Greg Rogers: Historically, legal structures have been set
up to “protect” the beneficiary from the negative effects of
wealth; however, the solutions led to an institutionalized
experience for the beneficiary. Family governance facilitators,
with leadership by John A Warnick and Hartley Goldstone, are
flipping the historic beneficiary relationship on its head, to
have trust and related resources support the growth and
development of the beneficiary. Yes, you can teach anyone to be a
good beneficiary, when resources are prioritized to help their
development.
I was very saddened to hear about the loss of your
longtime collaborator and friend Scott Budge. Could you
talk a little bit about his contribution to RayLign’s thinking as
well as the wider family wealth community?
Greg Rogers: I mentioned “The Road to Character” by David Brooks,
at Scott’s Memorial. The book refers to the different virtues of
a resume (projecting what we want people to believe) versus a
eulogy (what people actually experience us to be). For Scott,
they were the same. He was a caring, thoughtful person in
professional and personal settings, and in particular was one of
the great all-time listeners. I met Scott during my training at
the Ackerman Institute for the Family, where we shared a common
obsession for the long-term well being of families.
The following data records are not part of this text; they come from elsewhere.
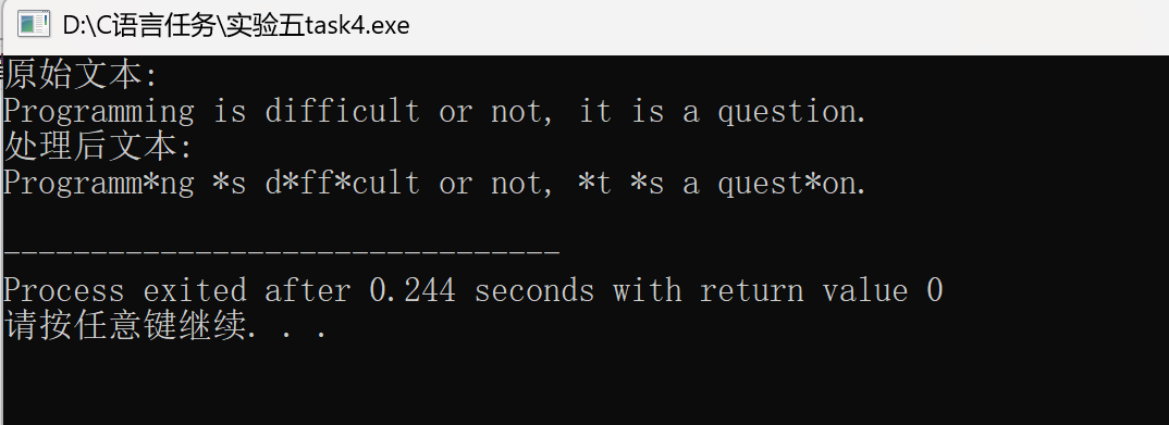 1 #include <stdio.h> 2 #define N 80 3 4 void replace(char *str, char old_char, char new_char); // 函数声明 5 6 int main() { 7 char text[N] = "Programming is difficult or not, it is a question."; 8 9 printf("原始文本: \n"); 10 printf("%s\n", text); 11 12 replace(text, 'i', '*'); // 函数调用 注意字符形参写法,单引号不能少 13 14 printf("处理后文本: \n"); 15 printf("%s\n", text); 16 17 return 0; 18 } 19 20 // 函数定义 21 void replace(char *str, char old_char, char new_char) { 22 int i; 23 24 while(*str) { 25 if(*str == old_char) 26 *str = new_char; 27 str++; 28 } 29 }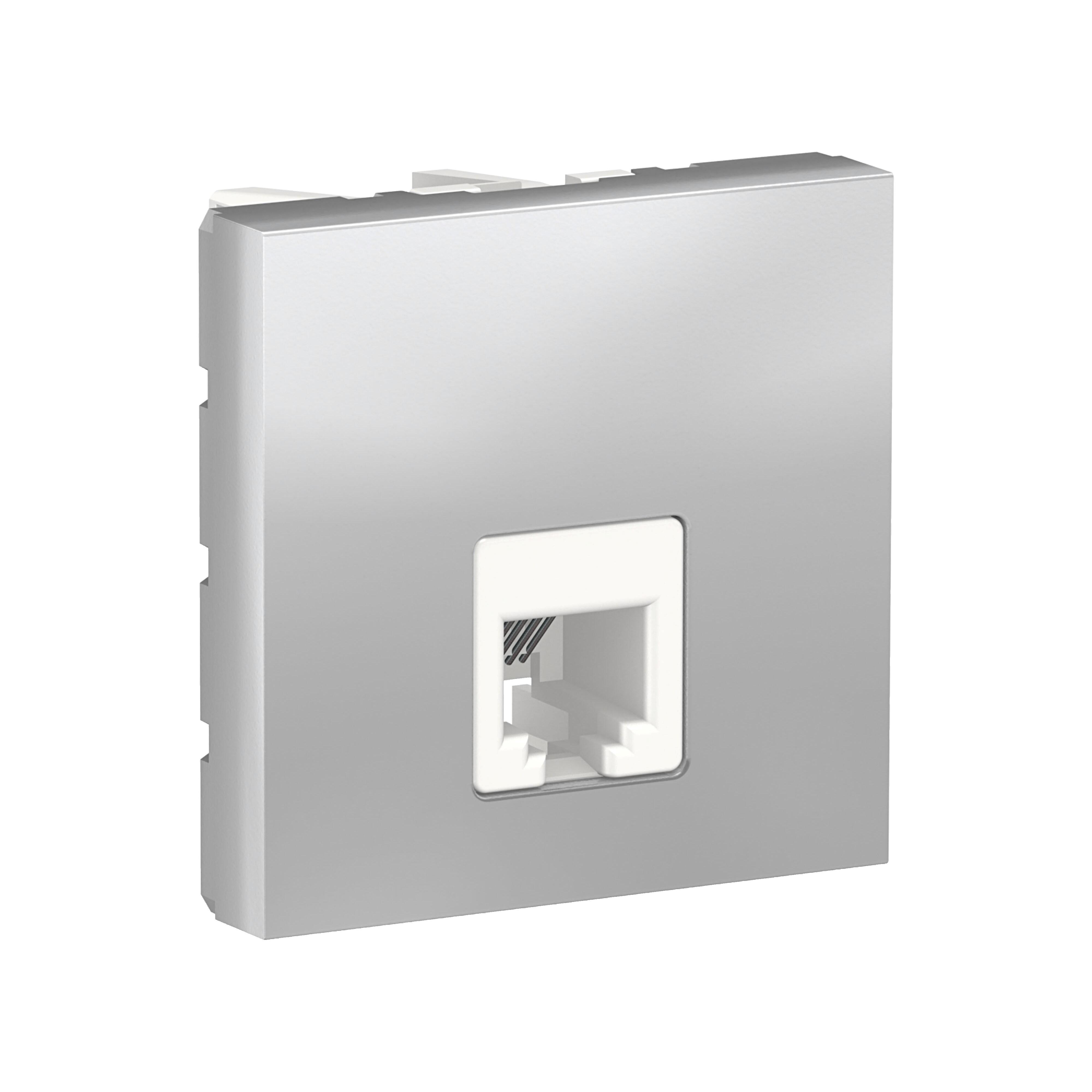 Toma de teléfono RJ12-6 hilos ancho. Acabado aluminio de la serie New Unica de Schneider. La serie New Unica se compone por bastidor + mecanismo + marco. Para completar su instalación debe elegir el bastidor adecuado, y el marco para el acabado deseado, que se venden por separado. La serie New Unica de Schneider dispone de bastidor para caja cuadrada universal y rectangular y de marcos dobles, triples o cuadruples en distintos acabados para completar su instalación.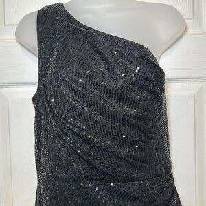 **Dress is missing matching sequin belt. In my opinion, the dress is equally beautiful without it. String belt loops are still attached to dress. They could be removed or black satin ribbon could be used.**

Scott was an intellectual heavyweight with regards to the history and application of psychology. He was uniquely able to make the language of psychology consumable for families and their advisors, in both a clinical and consultative setting. With Scott’s help over the years, we have built an expansive network of professional family dynamics relationships that will continue to collaborate together to help carry his legacy forward. Scott will be dearly missed.